REQUIREMENT: Reproduce precisely the lines of the listing below, starting with the line that contains "измеришь – 5223 мм!" and stopping after the line that contains "Leírás: 1918. 200K"; include nothing else.

TASK MATERIAL:
★ ★ ★ ★
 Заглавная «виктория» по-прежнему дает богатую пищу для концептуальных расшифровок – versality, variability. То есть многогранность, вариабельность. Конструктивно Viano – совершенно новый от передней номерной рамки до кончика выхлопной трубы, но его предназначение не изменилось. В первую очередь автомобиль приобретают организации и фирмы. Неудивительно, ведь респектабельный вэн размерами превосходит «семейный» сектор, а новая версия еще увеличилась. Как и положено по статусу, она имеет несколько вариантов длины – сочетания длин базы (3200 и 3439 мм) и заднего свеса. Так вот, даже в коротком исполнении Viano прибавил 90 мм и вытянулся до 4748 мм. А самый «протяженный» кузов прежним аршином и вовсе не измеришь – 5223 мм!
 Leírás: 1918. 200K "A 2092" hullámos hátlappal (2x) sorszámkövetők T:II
★ ★ ★ ★
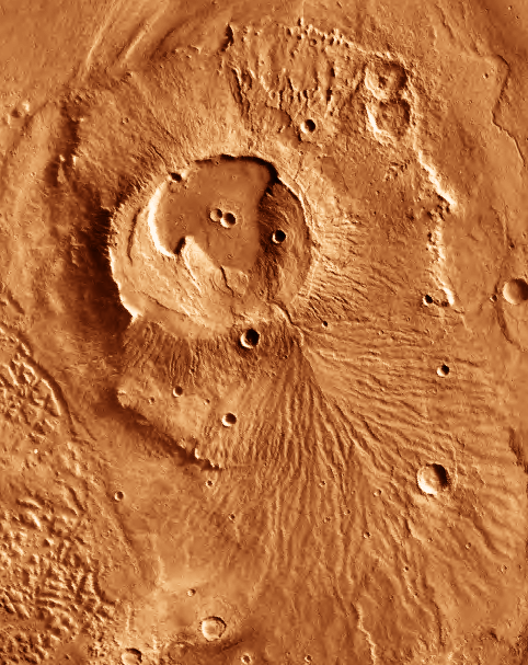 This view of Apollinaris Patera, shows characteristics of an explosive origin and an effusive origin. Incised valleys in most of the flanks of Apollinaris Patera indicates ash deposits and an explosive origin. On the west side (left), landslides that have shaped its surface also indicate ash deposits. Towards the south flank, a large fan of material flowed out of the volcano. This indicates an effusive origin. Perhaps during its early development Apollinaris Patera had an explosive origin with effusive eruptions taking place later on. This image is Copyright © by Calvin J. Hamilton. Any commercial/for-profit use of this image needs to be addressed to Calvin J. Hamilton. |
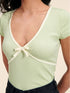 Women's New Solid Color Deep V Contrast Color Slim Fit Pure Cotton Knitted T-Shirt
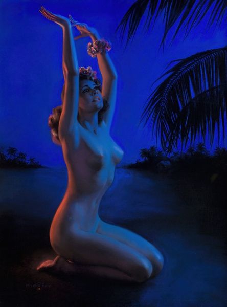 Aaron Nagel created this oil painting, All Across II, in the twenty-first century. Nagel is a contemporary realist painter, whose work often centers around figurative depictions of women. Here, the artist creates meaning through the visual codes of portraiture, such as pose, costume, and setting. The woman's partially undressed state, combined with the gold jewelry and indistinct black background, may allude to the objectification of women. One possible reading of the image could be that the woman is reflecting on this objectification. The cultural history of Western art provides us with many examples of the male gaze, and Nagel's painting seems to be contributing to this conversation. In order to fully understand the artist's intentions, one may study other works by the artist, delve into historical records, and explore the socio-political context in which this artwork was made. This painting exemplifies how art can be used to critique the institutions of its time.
★ ★ ★ ★
REPLY:
 Заглавная «виктория» по-прежнему дает богатую пищу для концептуальных расшифровок – versality, variability. То есть многогранность, вариабельность. Конструктивно Viano – совершенно новый от передней номерной рамки до кончика выхлопной трубы, но его предназначение не изменилось. В первую очередь автомобиль приобретают организации и фирмы. Неудивительно, ведь респектабельный вэн размерами превосходит «семейный» сектор, а новая версия еще увеличилась. Как и положено по статусу, она имеет несколько вариантов длины – сочетания длин базы (3200 и 3439 мм) и заднего свеса. Так вот, даже в коротком исполнении Viano прибавил 90 мм и вытянулся до 4748 мм. А самый «протяженный» кузов прежним аршином и вовсе не измеришь – 5223 мм!
 Leírás: 1918. 200K "A 2092" hullámos hátlappal (2x) sorszámkövetők T:II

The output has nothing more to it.